Partial-Output Salvage
Stream every model token to an atomic partial file so mid-stream crashes leave a consistent salvage — then surface the recovery status to the model on the next prompt.
Intent & Description
🎯 Intent
Without a partial-output mechanism, a SIGKILL mid-inference loses all tokens that were streaming — minutes of model time and real context gone with no trace.
📋 Context
The agent runs on hardware that occasionally crashes: OOM killer, watchdog timer, deploy restart mid-stream. Per-call inference is long enough that losing a half-finished stream is meaningful. The existing resumption pattern only restores durably written state — not the tokens that were streaming when the kill signal landed.
💡 Solution
Mechanical finite-state machine.
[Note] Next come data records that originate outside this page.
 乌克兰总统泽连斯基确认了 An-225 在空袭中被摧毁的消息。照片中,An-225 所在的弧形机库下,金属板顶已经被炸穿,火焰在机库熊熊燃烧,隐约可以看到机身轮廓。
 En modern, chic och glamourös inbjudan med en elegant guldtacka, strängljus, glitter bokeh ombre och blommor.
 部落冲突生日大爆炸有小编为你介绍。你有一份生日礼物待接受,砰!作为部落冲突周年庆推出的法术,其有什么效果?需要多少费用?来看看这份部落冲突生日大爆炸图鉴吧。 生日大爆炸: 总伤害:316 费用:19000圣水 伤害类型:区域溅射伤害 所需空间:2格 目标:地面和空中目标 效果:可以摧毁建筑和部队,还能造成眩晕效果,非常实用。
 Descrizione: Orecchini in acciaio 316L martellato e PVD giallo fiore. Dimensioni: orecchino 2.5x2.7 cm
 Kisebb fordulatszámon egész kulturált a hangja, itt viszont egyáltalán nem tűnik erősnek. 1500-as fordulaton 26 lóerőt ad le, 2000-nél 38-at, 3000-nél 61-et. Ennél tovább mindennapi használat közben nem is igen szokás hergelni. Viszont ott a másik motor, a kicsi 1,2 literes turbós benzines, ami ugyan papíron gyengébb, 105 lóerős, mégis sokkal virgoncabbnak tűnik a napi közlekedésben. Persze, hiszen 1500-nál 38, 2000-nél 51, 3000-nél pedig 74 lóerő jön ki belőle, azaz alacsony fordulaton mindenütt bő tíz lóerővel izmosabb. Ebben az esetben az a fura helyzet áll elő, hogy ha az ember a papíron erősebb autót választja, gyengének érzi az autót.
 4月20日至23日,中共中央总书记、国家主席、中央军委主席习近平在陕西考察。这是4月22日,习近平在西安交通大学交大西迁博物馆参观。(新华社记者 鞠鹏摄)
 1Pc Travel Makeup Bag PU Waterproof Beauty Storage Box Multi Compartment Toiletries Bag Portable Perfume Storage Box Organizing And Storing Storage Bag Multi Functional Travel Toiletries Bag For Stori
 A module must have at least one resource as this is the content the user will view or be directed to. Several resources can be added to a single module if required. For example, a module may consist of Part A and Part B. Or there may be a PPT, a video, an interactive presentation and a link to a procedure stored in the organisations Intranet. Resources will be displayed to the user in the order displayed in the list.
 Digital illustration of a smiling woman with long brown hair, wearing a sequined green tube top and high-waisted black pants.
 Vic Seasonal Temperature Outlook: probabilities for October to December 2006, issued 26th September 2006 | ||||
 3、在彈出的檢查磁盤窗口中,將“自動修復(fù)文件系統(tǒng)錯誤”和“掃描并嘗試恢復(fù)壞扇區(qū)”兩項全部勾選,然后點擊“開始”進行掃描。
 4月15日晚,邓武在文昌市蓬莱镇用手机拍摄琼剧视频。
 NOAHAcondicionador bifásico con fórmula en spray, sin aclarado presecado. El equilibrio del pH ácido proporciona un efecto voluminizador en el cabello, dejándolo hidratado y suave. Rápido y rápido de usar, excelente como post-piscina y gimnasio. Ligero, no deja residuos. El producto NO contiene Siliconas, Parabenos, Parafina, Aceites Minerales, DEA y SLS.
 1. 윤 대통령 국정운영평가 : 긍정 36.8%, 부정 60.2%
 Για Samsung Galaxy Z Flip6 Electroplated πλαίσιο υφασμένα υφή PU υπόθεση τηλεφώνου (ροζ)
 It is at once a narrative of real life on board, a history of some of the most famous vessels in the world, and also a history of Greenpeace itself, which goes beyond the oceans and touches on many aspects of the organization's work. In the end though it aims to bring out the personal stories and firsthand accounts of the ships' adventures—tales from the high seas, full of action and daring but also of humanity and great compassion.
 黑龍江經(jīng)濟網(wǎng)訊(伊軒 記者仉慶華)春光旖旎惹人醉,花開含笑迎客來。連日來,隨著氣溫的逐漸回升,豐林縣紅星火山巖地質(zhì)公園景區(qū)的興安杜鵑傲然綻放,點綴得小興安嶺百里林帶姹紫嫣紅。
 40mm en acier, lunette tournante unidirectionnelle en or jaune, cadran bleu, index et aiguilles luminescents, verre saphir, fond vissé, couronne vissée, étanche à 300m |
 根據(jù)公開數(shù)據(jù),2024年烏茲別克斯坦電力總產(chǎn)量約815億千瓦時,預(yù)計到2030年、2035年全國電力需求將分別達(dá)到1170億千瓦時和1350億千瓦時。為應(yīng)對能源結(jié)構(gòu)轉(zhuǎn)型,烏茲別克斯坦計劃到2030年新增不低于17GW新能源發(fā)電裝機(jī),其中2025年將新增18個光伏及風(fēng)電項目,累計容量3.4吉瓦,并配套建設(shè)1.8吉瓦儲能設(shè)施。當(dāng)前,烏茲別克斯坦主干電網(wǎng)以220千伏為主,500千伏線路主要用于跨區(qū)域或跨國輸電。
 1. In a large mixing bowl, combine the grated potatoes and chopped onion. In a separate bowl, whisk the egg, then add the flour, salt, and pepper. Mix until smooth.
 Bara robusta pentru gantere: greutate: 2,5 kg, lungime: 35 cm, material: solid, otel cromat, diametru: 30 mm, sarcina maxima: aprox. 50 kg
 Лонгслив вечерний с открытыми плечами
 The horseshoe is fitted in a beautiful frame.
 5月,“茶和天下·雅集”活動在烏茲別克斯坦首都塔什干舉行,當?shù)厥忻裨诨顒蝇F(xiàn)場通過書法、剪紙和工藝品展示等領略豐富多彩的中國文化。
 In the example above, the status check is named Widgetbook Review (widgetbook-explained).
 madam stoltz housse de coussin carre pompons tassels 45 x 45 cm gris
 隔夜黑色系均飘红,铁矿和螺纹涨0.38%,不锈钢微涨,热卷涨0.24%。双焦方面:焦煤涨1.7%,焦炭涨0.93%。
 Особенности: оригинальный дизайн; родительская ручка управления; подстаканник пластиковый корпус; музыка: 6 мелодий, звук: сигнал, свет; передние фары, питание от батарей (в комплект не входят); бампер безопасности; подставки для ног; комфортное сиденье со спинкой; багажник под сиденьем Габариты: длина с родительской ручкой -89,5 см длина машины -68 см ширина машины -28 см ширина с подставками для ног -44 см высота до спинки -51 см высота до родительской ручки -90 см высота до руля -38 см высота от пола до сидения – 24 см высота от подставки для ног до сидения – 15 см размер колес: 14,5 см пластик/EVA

On stream start: open partial.tmp, write a start marker with thought-id, timestamp, model ID. On each chunk: append to tmp, periodically os.rename(tmp, partial) for atomicity. On normal stream end: rename to canonical thought path, delete partial. On startup: scan for orphan partial.* files, finalize each with a typed RecoveryStatus enum (RECOVERED_FROM_PARTIAL for hard kill, TIMEOUT_PARTIAL for watchdog timeout). Include last_partial_recovery:
Real-world Use Case
- The runtime can SIGKILL the agent mid-stream and that loses meaningful work.
- Inference is long enough per call that a partial stream has real salvage value.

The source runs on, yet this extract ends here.